• [AIM OF THE EXERCISE]:
Repeat the data exactly, with every line included.
--------------------------------
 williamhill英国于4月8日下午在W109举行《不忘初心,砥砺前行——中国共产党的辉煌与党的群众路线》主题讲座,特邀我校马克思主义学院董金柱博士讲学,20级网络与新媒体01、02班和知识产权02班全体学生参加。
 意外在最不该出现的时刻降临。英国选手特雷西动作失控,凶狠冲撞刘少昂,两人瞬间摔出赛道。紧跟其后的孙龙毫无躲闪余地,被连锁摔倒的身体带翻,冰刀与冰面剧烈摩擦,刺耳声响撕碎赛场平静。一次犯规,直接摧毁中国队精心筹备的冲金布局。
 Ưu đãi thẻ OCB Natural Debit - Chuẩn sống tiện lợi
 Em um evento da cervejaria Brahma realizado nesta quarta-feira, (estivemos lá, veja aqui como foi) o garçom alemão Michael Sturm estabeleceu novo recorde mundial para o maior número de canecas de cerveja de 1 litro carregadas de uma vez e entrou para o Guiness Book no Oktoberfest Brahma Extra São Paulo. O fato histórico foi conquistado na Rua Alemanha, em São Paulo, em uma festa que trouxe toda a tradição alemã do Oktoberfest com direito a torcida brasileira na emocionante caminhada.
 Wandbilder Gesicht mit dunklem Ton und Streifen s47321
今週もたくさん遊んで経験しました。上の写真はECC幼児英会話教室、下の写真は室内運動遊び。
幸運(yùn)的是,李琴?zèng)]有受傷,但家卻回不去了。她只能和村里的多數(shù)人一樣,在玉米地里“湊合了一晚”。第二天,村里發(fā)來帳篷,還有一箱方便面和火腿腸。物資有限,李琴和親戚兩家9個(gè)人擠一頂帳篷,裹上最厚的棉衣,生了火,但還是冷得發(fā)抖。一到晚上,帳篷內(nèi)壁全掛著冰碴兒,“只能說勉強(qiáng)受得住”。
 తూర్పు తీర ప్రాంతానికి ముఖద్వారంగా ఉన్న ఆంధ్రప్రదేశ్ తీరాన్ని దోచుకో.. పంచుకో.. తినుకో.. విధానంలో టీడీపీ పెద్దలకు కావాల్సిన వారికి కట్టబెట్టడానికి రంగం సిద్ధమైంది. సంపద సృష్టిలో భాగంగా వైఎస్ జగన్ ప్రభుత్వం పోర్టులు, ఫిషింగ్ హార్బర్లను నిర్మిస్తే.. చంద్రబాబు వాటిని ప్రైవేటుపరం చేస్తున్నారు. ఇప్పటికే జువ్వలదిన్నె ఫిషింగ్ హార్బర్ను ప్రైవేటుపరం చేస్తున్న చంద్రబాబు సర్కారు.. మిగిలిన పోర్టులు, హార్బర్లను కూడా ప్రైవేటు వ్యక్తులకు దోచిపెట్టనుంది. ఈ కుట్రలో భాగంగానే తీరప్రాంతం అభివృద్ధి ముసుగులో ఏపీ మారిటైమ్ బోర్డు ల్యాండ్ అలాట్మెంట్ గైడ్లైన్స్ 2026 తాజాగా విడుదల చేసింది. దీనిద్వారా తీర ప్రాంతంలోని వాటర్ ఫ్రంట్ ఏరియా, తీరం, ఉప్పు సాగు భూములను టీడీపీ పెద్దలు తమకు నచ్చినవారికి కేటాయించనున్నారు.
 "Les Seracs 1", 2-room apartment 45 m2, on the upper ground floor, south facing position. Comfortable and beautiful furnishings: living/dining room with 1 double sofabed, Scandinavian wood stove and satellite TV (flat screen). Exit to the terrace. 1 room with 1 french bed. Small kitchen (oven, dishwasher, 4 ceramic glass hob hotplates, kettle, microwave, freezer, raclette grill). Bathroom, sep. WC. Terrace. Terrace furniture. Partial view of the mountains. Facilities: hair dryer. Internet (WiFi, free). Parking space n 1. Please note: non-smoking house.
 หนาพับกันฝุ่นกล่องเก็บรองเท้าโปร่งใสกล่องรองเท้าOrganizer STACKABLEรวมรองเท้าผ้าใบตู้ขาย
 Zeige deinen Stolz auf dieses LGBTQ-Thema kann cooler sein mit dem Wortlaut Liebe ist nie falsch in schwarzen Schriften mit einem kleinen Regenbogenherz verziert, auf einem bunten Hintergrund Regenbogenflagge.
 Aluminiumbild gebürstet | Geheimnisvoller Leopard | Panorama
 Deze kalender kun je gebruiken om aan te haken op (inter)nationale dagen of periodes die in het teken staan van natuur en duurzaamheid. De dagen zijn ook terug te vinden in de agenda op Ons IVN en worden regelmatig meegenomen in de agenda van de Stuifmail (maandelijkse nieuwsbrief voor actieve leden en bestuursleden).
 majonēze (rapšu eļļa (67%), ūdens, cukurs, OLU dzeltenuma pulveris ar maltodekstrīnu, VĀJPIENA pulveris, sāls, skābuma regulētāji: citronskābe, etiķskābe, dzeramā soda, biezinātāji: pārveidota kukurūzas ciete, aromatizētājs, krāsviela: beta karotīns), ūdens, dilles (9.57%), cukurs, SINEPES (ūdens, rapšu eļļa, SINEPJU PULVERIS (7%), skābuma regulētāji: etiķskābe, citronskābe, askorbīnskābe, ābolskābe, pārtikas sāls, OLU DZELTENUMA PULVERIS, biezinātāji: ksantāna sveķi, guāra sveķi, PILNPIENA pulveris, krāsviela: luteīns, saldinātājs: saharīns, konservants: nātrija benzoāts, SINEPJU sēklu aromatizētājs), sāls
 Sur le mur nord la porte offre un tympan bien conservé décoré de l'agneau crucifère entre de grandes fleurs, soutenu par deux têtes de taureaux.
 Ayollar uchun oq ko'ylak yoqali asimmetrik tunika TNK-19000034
--------------------------------
• [SOLUTION TO THE EXERCISE]:
 williamhill英国于4月8日下午在W109举行《不忘初心,砥砺前行——中国共产党的辉煌与党的群众路线》主题讲座,特邀我校马克思主义学院董金柱博士讲学,20级网络与新媒体01、02班和知识产权02班全体学生参加。
 意外在最不该出现的时刻降临。英国选手特雷西动作失控,凶狠冲撞刘少昂,两人瞬间摔出赛道。紧跟其后的孙龙毫无躲闪余地,被连锁摔倒的身体带翻,冰刀与冰面剧烈摩擦,刺耳声响撕碎赛场平静。一次犯规,直接摧毁中国队精心筹备的冲金布局。
 Ưu đãi thẻ OCB Natural Debit - Chuẩn sống tiện lợi
 Em um evento da cervejaria Brahma realizado nesta quarta-feira, (estivemos lá, veja aqui como foi) o garçom alemão Michael Sturm estabeleceu novo recorde mundial para o maior número de canecas de cerveja de 1 litro carregadas de uma vez e entrou para o Guiness Book no Oktoberfest Brahma Extra São Paulo. O fato histórico foi conquistado na Rua Alemanha, em São Paulo, em uma festa que trouxe toda a tradição alemã do Oktoberfest com direito a torcida brasileira na emocionante caminhada.
 Wandbilder Gesicht mit dunklem Ton und Streifen s47321
今週もたくさん遊んで経験しました。上の写真はECC幼児英会話教室、下の写真は室内運動遊び。
幸運(yùn)的是,李琴?zèng)]有受傷,但家卻回不去了。她只能和村里的多數(shù)人一樣,在玉米地里“湊合了一晚”。第二天,村里發(fā)來帳篷,還有一箱方便面和火腿腸。物資有限,李琴和親戚兩家9個(gè)人擠一頂帳篷,裹上最厚的棉衣,生了火,但還是冷得發(fā)抖。一到晚上,帳篷內(nèi)壁全掛著冰碴兒,“只能說勉強(qiáng)受得住”。
 తూర్పు తీర ప్రాంతానికి ముఖద్వారంగా ఉన్న ఆంధ్రప్రదేశ్ తీరాన్ని దోచుకో.. పంచుకో.. తినుకో.. విధానంలో టీడీపీ పెద్దలకు కావాల్సిన వారికి కట్టబెట్టడానికి రంగం సిద్ధమైంది. సంపద సృష్టిలో భాగంగా వైఎస్ జగన్ ప్రభుత్వం పోర్టులు, ఫిషింగ్ హార్బర్లను నిర్మిస్తే.. చంద్రబాబు వాటిని ప్రైవేటుపరం చేస్తున్నారు. ఇప్పటికే జువ్వలదిన్నె ఫిషింగ్ హార్బర్ను ప్రైవేటుపరం చేస్తున్న చంద్రబాబు సర్కారు.. మిగిలిన పోర్టులు, హార్బర్లను కూడా ప్రైవేటు వ్యక్తులకు దోచిపెట్టనుంది. ఈ కుట్రలో భాగంగానే తీరప్రాంతం అభివృద్ధి ముసుగులో ఏపీ మారిటైమ్ బోర్డు ల్యాండ్ అలాట్మెంట్ గైడ్లైన్స్ 2026 తాజాగా విడుదల చేసింది. దీనిద్వారా తీర ప్రాంతంలోని వాటర్ ఫ్రంట్ ఏరియా, తీరం, ఉప్పు సాగు భూములను టీడీపీ పెద్దలు తమకు నచ్చినవారికి కేటాయించనున్నారు.
 "Les Seracs 1", 2-room apartment 45 m2, on the upper ground floor, south facing position. Comfortable and beautiful furnishings: living/dining room with 1 double sofabed, Scandinavian wood stove and satellite TV (flat screen). Exit to the terrace. 1 room with 1 french bed. Small kitchen (oven, dishwasher, 4 ceramic glass hob hotplates, kettle, microwave, freezer, raclette grill). Bathroom, sep. WC. Terrace. Terrace furniture. Partial view of the mountains. Facilities: hair dryer. Internet (WiFi, free). Parking space n 1. Please note: non-smoking house.
 หนาพับกันฝุ่นกล่องเก็บรองเท้าโปร่งใสกล่องรองเท้าOrganizer STACKABLEรวมรองเท้าผ้าใบตู้ขาย
 Zeige deinen Stolz auf dieses LGBTQ-Thema kann cooler sein mit dem Wortlaut Liebe ist nie falsch in schwarzen Schriften mit einem kleinen Regenbogenherz verziert, auf einem bunten Hintergrund Regenbogenflagge.
 Aluminiumbild gebürstet | Geheimnisvoller Leopard | Panorama
 Deze kalender kun je gebruiken om aan te haken op (inter)nationale dagen of periodes die in het teken staan van natuur en duurzaamheid. De dagen zijn ook terug te vinden in de agenda op Ons IVN en worden regelmatig meegenomen in de agenda van de Stuifmail (maandelijkse nieuwsbrief voor actieve leden en bestuursleden).
 majonēze (rapšu eļļa (67%), ūdens, cukurs, OLU dzeltenuma pulveris ar maltodekstrīnu, VĀJPIENA pulveris, sāls, skābuma regulētāji: citronskābe, etiķskābe, dzeramā soda, biezinātāji: pārveidota kukurūzas ciete, aromatizētājs, krāsviela: beta karotīns), ūdens, dilles (9.57%), cukurs, SINEPES (ūdens, rapšu eļļa, SINEPJU PULVERIS (7%), skābuma regulētāji: etiķskābe, citronskābe, askorbīnskābe, ābolskābe, pārtikas sāls, OLU DZELTENUMA PULVERIS, biezinātāji: ksantāna sveķi, guāra sveķi, PILNPIENA pulveris, krāsviela: luteīns, saldinātājs: saharīns, konservants: nātrija benzoāts, SINEPJU sēklu aromatizētājs), sāls
 Sur le mur nord la porte offre un tympan bien conservé décoré de l'agneau crucifère entre de grandes fleurs, soutenu par deux têtes de taureaux.
 Ayollar uchun oq ko'ylak yoqali asimmetrik tunika TNK-19000034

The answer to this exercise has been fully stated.